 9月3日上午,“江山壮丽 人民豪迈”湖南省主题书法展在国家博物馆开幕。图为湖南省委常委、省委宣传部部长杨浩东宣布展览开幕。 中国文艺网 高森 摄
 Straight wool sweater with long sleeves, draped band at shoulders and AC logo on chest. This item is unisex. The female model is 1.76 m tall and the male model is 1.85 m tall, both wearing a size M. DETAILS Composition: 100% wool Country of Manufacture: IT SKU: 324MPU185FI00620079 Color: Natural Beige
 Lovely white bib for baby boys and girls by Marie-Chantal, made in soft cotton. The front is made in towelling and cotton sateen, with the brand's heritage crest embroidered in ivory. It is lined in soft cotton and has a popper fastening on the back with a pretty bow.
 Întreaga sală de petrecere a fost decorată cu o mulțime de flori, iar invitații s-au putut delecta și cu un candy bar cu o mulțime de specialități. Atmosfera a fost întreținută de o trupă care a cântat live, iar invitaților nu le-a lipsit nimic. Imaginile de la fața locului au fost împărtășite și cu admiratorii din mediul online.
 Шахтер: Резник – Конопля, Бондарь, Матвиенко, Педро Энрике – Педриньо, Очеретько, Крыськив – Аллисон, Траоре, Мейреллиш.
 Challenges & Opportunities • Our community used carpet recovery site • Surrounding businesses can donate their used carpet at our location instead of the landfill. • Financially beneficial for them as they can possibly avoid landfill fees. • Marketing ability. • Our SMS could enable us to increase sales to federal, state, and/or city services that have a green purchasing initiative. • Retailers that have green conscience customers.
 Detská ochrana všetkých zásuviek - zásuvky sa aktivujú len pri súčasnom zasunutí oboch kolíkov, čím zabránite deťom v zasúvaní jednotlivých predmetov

•••

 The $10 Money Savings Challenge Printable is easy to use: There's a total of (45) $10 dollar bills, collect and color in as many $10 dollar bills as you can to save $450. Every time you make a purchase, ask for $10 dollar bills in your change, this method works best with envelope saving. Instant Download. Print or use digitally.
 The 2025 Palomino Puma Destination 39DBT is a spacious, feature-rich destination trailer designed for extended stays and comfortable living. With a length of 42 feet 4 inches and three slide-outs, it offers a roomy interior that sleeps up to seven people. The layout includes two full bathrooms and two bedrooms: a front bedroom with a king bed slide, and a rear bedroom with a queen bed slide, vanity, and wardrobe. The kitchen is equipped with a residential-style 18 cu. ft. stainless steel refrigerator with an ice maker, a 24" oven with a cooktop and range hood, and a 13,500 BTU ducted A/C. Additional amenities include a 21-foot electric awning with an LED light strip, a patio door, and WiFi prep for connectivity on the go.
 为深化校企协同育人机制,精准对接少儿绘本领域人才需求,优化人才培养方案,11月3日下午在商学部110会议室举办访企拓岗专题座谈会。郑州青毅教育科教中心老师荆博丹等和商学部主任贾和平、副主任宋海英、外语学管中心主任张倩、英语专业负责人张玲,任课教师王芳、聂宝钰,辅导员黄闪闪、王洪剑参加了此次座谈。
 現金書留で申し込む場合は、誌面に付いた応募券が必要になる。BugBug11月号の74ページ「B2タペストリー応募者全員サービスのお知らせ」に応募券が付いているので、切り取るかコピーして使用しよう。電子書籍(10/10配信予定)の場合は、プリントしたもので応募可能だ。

•••

Exercise description:
Please give again the lines above between the line holding "Straight wool sweater" and the line holding "Detská ochrana všetkých", inclusive, exactly as they are and with nothing added.

Task result:
 Straight wool sweater with long sleeves, draped band at shoulders and AC logo on chest. This item is unisex. The female model is 1.76 m tall and the male model is 1.85 m tall, both wearing a size M. DETAILS Composition: 100% wool Country of Manufacture: IT SKU: 324MPU185FI00620079 Color: Natural Beige
 Lovely white bib for baby boys and girls by Marie-Chantal, made in soft cotton. The front is made in towelling and cotton sateen, with the brand's heritage crest embroidered in ivory. It is lined in soft cotton and has a popper fastening on the back with a pretty bow.
 Întreaga sală de petrecere a fost decorată cu o mulțime de flori, iar invitații s-au putut delecta și cu un candy bar cu o mulțime de specialități. Atmosfera a fost întreținută de o trupă care a cântat live, iar invitaților nu le-a lipsit nimic. Imaginile de la fața locului au fost împărtășite și cu admiratorii din mediul online.
 Шахтер: Резник – Конопля, Бондарь, Матвиенко, Педро Энрике – Педриньо, Очеретько, Крыськив – Аллисон, Траоре, Мейреллиш.
 Challenges & Opportunities • Our community used carpet recovery site • Surrounding businesses can donate their used carpet at our location instead of the landfill. • Financially beneficial for them as they can possibly avoid landfill fees. • Marketing ability. • Our SMS could enable us to increase sales to federal, state, and/or city services that have a green purchasing initiative. • Retailers that have green conscience customers.
 Detská ochrana všetkých zásuviek - zásuvky sa aktivujú len pri súčasnom zasunutí oboch kolíkov, čím zabránite deťom v zasúvaní jednotlivých predmetov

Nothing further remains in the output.